Jusqu’au bout, ils ont voulu se faire entendre. Depuis la publication, le 23 mars, du projet de carte scolaire pour la rentrée 2026, tout le village d’Arthès (Tarn) s’est mobilisé pour préserver une classe de primaire menacée de fermeture.

Sous les fenêtres de l’école Carcenac, dès 8 heures ce jeudi, le calme habituel avant une journée de classe laisse place à un nouvel épisode de mobilisation. Une trentaine de parents d’élèves, élus, représentants syndicaux de l’enseignement : tous sont là pour exprimer leur désaccord, mais surtout leur incompréhension avant le verdict final, attendu quelques heures plus tard dans la soirée.

« Une absurdité totale »

« Il y a une baisse des effectifs dans tout l’Hexagone, c’est une réalité, et ce sera notre cas en septembre, expose en préambule le maire Jean-Marc Farré (SE). Mais on sait déjà que pour 2027 et 2028, cela va remonter chez nous puisque nos classes de maternelle sont pleines. »
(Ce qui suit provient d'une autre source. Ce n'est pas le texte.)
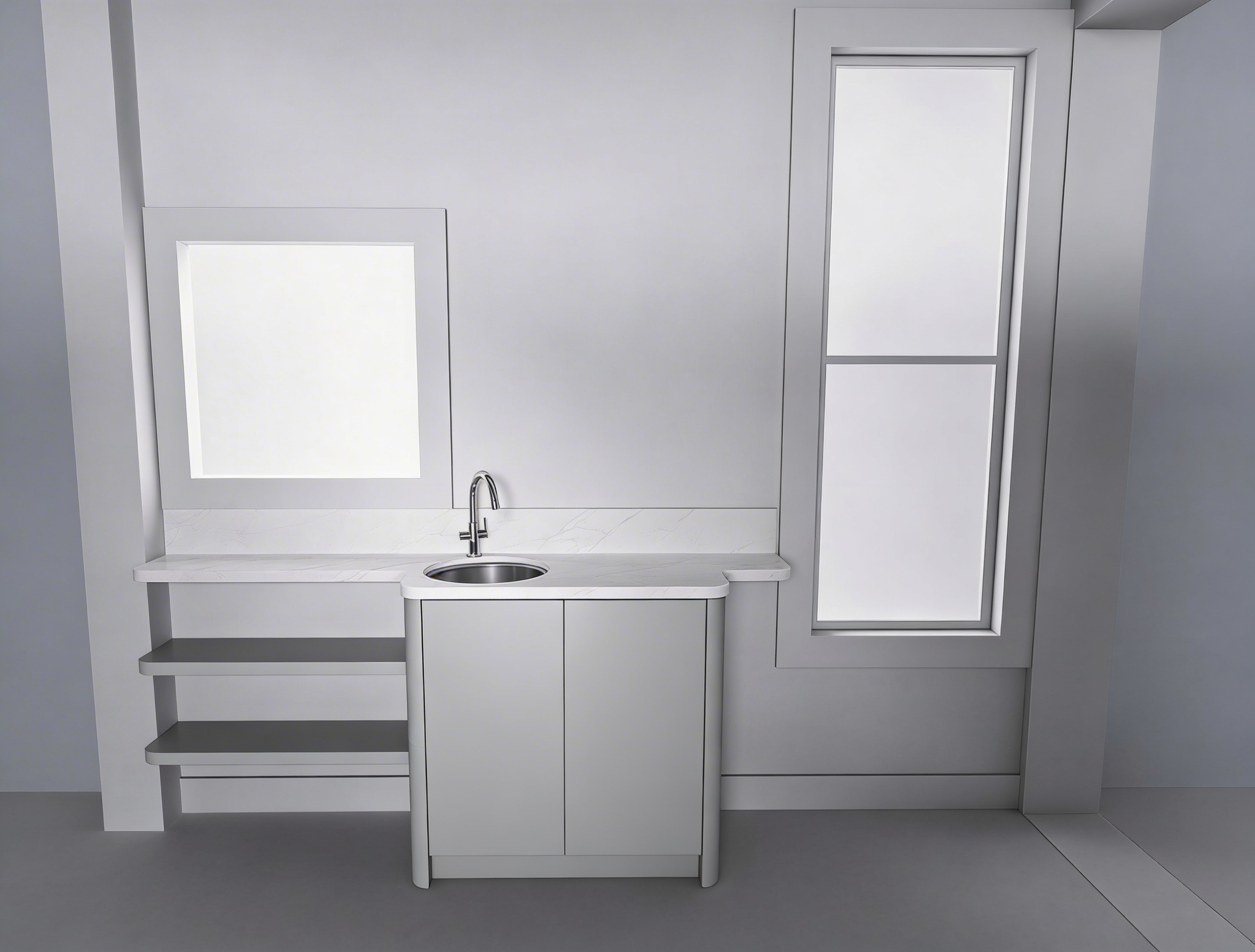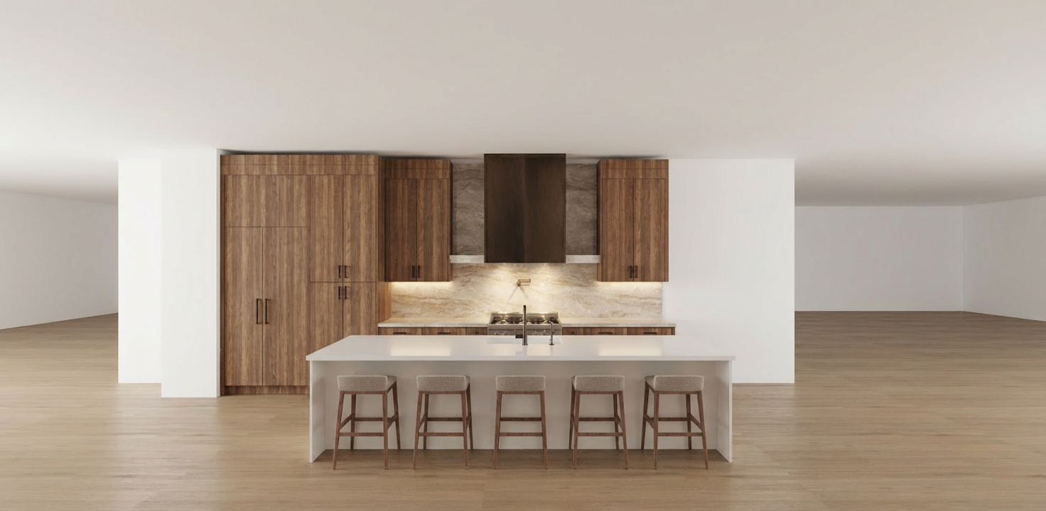 the black squares in the background are dark blue greyish each individual square in the background consists primarily of blue with purple pink and orange tones the shadows are black the entire image is more saturated the vertical led line in the background emit an orange light the light under the desk have a warm glow vibrant colors highly saturated high contrast the pink color of the desk will be retained increase color saturation enhance contrast make the colors more vibrant while maintaining the architectural forms the light on the persons face remains the same as in the original photo do not change or add new structural elements slight dark shadow and depth in the background keep warm atmosphere dark shiny wooden floor
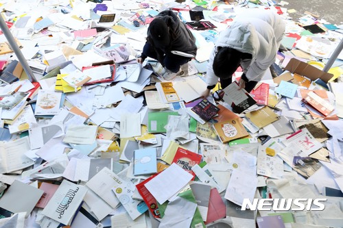 【서울=뉴시스】조성봉 기자 = 포항지진 여파로 2018학년도 대학수학능력시험이 연기된 16일 오전 서울 중구 종로학원 옥상에서 수험생들이 버렸던 참고서와  학습지를 다시 찾고 있다. 2017.11.16.
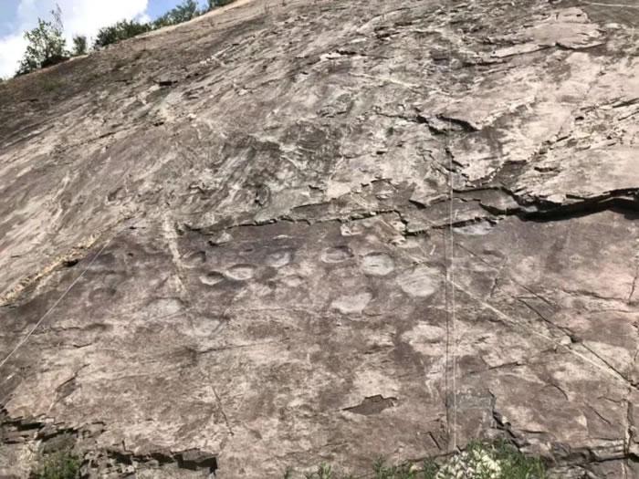 明白了,恐龙足迹可以反映出恐龙的生活习性。赛先生,从这张延庆千家店恐龙足迹的照片上看,足迹化石保存在公路旁陡峭的山坡上,是不是能说明生活在这里的恐龙都是登山高手?连体型较大的蜥脚类恐龙都身手矫健。要是这样的话,肯定是一个重大的发现吧?

À Arthès, l’école Carcenac compte actuellement six classes, dont quatre en double niveau, pour un total de 128 élèves sur l’année scolaire en cours, contre 122 inscrits en septembre prochain. « Fermer une classe pour cinq ou six élèves en moins, c’est d’une absurdité totale », dénonce Xavier, papa d’un enfant en CM2 et de jumeaux en maternelle, pancarte à la main. « On est sur une logique de chiffres complètement déconnectée de la réalité », poursuit-il.

Tout un village mobilisé.

Tout un village mobilisé.
DDM – Valentin Marcinkowski

« Mon fils est en moyenne section, rien que dans sa classe actuellement, ils sont 28, détaille Célia, membre du noyau dur des quelques parents qui se sont mobilisés dès l’annonce de la menace de fermeture, avant d’être rejoints par beaucoup d’autres. Quand cette classe-là va se retrouver en CP, on va se retrouver sur des effectifs encore plus conséquents qu’aujourd’hui […] Cinq élèves en plus par classe, pour certains enfants en difficulté, ça peut faire une très grosse différence. »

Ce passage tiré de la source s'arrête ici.